PROBLEM REQUIREMENTS
Your copy should match the entries exactly, with no images carried over.

[Saved entries]
══════════════════════════════

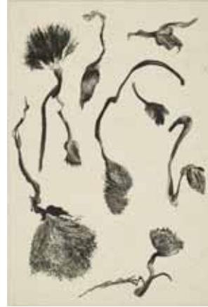
Nathalie Grall (1961- ) La Collection , pl.9, 2017 burin et roulette sur Chine appliqué Collection particulière
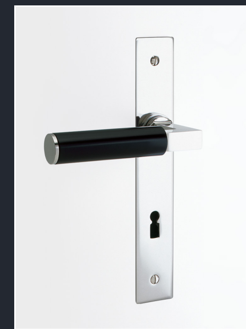
Beispiel: BK.6 Langschild

Ausführung als Langschild ist für alle Drückermodelle möglich (außer BK.4)!
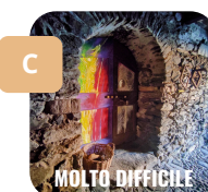
MOLTO DIFFICILE Tra le case antiche, vicino al ponticello
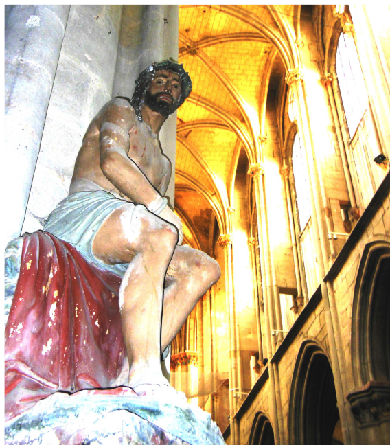
Le Christ aux Liens - Collégiale Notre-Dame

Tout ceci participe de notre inscription dans la vie de la cité. Nous avons notre identité que nous mettons au service de tous car le patrimoine doit être une valeur pour tous, c'est notre conviction !
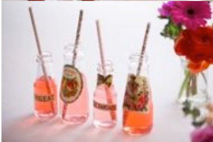
スパークリング・ワインや、ノンアルコールのカクテルもご用意。
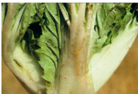
Angreb af bladribbesnudebillens larve i kinakål. Der dannes brunlige minegange i bladstilke og bladribber.
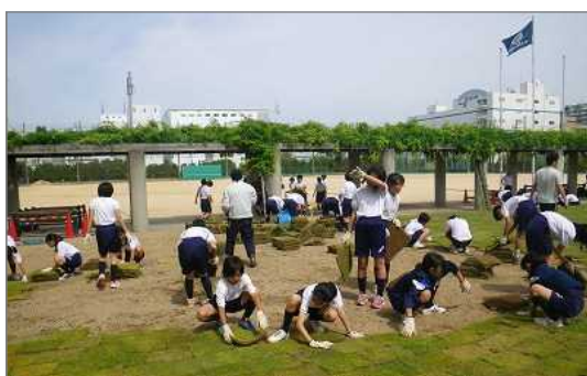
<整備中>生徒たちによる芝張り
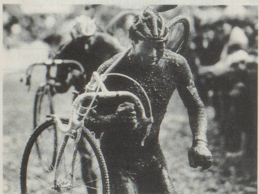
Pascal Richard, le roi suisse de la piste boueuse.
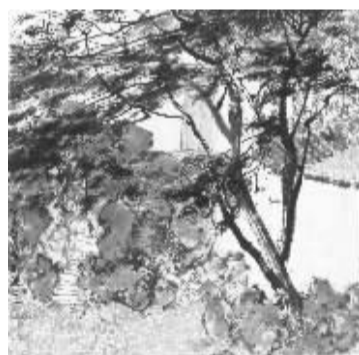
徐钢《网师园写生之二》
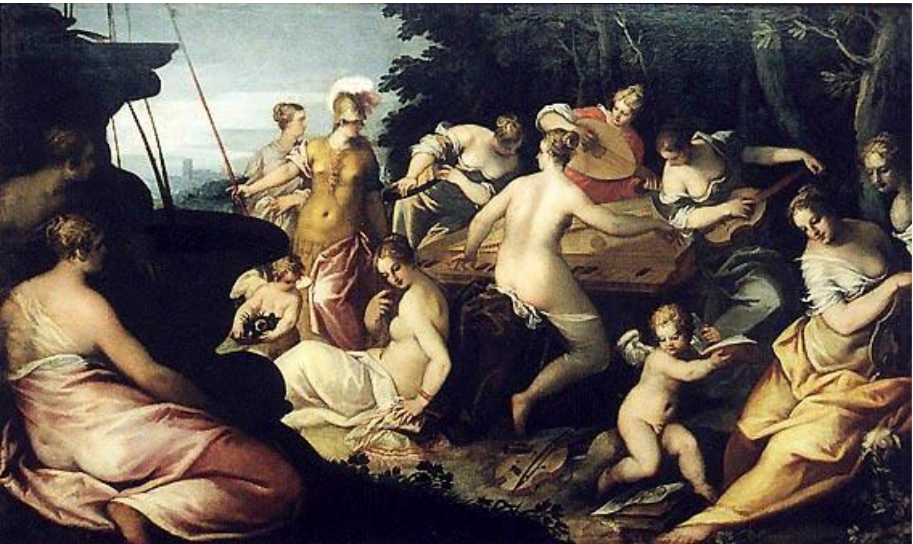
Музы и Афина Ханс Роттенхаммер

══════════════════════════════

TASK RESULT
Nathalie Grall (1961- ) La Collection , pl.9, 2017 burin et roulette sur Chine appliqué Collection particulière
Beispiel: BK.6 Langschild

Ausführung als Langschild ist für alle Drückermodelle möglich (außer BK.4)!
MOLTO DIFFICILE Tra le case antiche, vicino al ponticello
Le Christ aux Liens - Collégiale Notre-Dame

Tout ceci participe de notre inscription dans la vie de la cité. Nous avons notre identité que nous mettons au service de tous car le patrimoine doit être une valeur pour tous, c'est notre conviction !
スパークリング・ワインや、ノンアルコールのカクテルもご用意。
Angreb af bladribbesnudebillens larve i kinakål. Der dannes brunlige minegange i bladstilke og bladribber.
<整備中>生徒たちによる芝張り
Pascal Richard, le roi suisse de la piste boueuse.
徐钢《网师园写生之二》
Музы и Афина Ханс Роттенхаммер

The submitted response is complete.